Ante este panorama, el resultado electoral de ayer toma la primer arista de análisis: en qué mierda estaba pensando el votante de clase media al elegir a un gobierno que lo convirtió en un socio al 50% de sus ganancias de laburante. Precisamente, pensaba en eso: no hay nada que vaya a mejorar su situación económica el año que viene, pero tampoco a empeorarla. Más allá del sector de la sociedad que le tenía el voto asegurado -trabajadores precarios, pobres urbanos y algunos sindicatos-, es de idiotas desconocer el aporte de la clase media. Este factor sumado a la ausencia absoluta de propuestas superadoras creíbles por parte de la oposición, explica algunas cosas. A ello debemos sumarle que son pocos los candidatos que han entendido la situación informativa de los electores. Basta ver el resultado obtenido por Carrió, militante extrema de la honestidad y la lucha contra la corrupción, frente al aplastante número alcanzado por Cristina, cabeza más que visible de un gobierno que ha afanado tanto que convirtió al menemismo en una quiniela clandestina. Al votante medio la corrupción le importa menos que la relación entre Guido Süller y Tomasito.
El resto, son las nimiedades de las que todos los analistas hablarán: qué hubiera pasado si Duhalde y Alberto Rodríguez Saá por un lado, y Binner y Alfonsín por el otro, hubieran tenido menos plumas y más ideas de darle pa´delante. Ante el resultado de ayer, no creo que cambie demasiado el panorama para octubre. Por más que en las primarias muchos votaron «con el corazón» y en octubre lo hagan «con la razón», pasando los 40 puntos, Cristina zafa del ballotage. Y arriba del 50, ni todos los candidatos juntos la bajan. Así que, mis queridos amigos, acostumbrémonos a la idea de que esto puede seguir así un tiempo más. Por lo pronto, iré acopiando arroz, polenta, leche en polvo y otras clases de alimentos no perecederos.

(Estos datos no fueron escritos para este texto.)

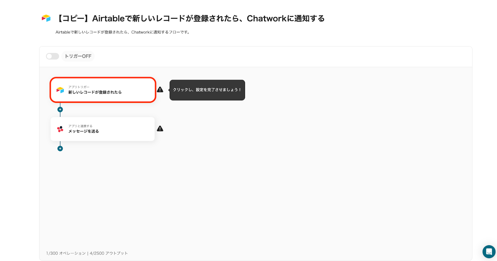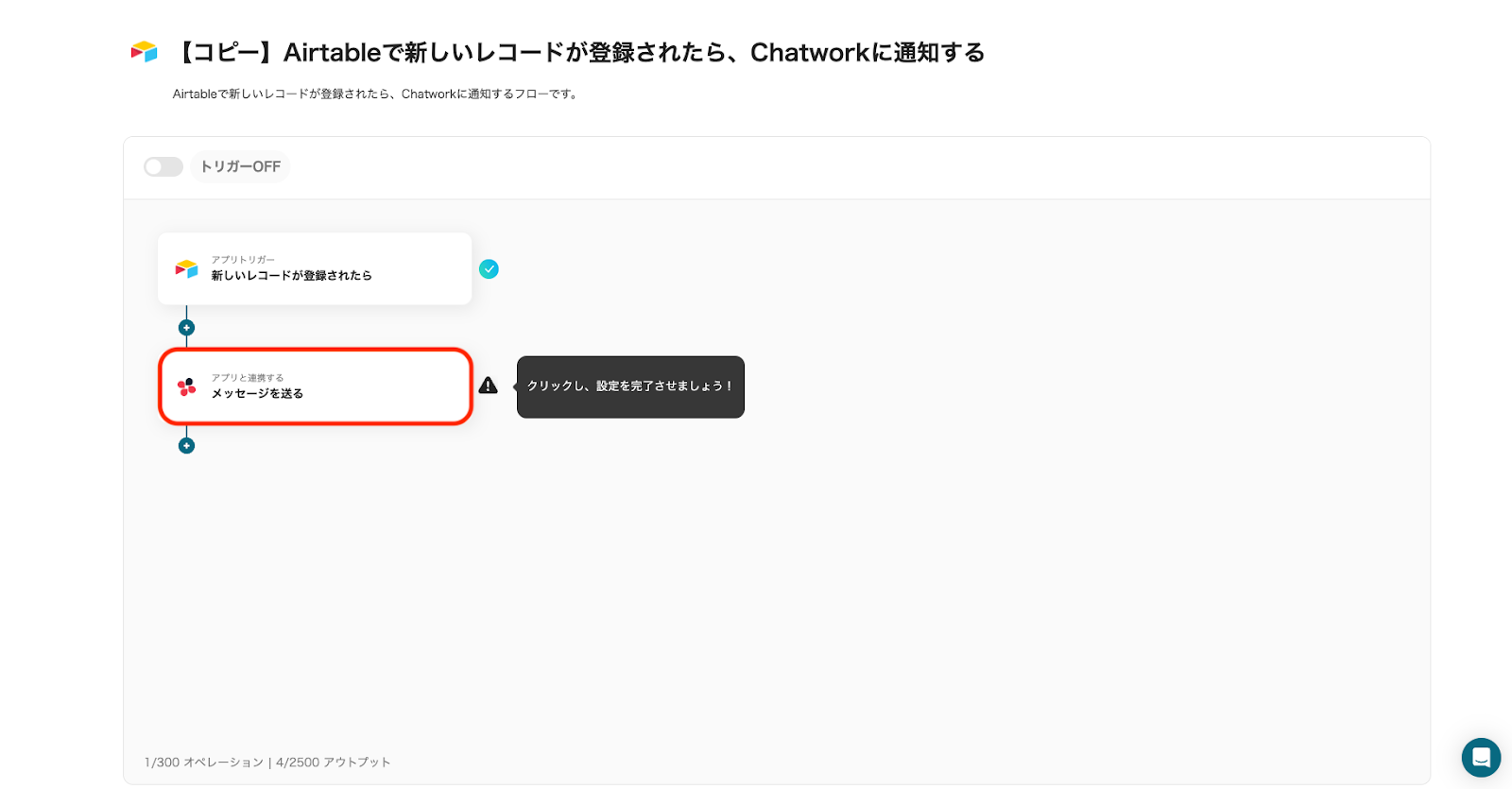 これで、Airtableで新しいレコードが登録されたらChatworkに自動で通知されます。

Al resto: lejos de sentir asco, espero que puedan dimensionar el camino que acabamos de tomar. Cuando te encuentres con más de 30 pirulos y veas que no podés irte de tu casa porque la guita no te alcanza para alquilar y no conseguís un mísero crédito ni en el Banco que te administra la cuenta sueldo, te vas a joder. Cuando tomes consciencia que el aumento de sueldo no fue tal, y que tan sólo se trató de una indexación salarial atada a la inflación y que, en realidad, estás cobrando lo que deberías haber cobrado el año pasado, te vas a joder. Cuando sientas que tenés que hacer malabares para ayudar a que tus viejos puedan comprar los pajaritos para la polenta porque el aumento pedorro que les «regaló» Cristina no alcanza ni para pagar el morfi, te vas a joder. Cuando tengas que agradecerle a Dios y todos los santos porque llegaste a tu casa en bolas, sin plata y con el culo roto, pero vivo, te vas a joder. Cuando tengas que elegir entre tener un hijo o llegar a fin de mes, te vas a joder. Y cuando estés en la cola del banco para cobrar tu jubilación mínima después de entregarle tu vida al laburo y te preguntes en qué momento tu progreso dejó de depender del fruto de tu esfuerzo, quizás, solo quizás, te des cuenta que no necesitabas una madre protectora sino una Presidente que no te joda la vida en nombre tuyo.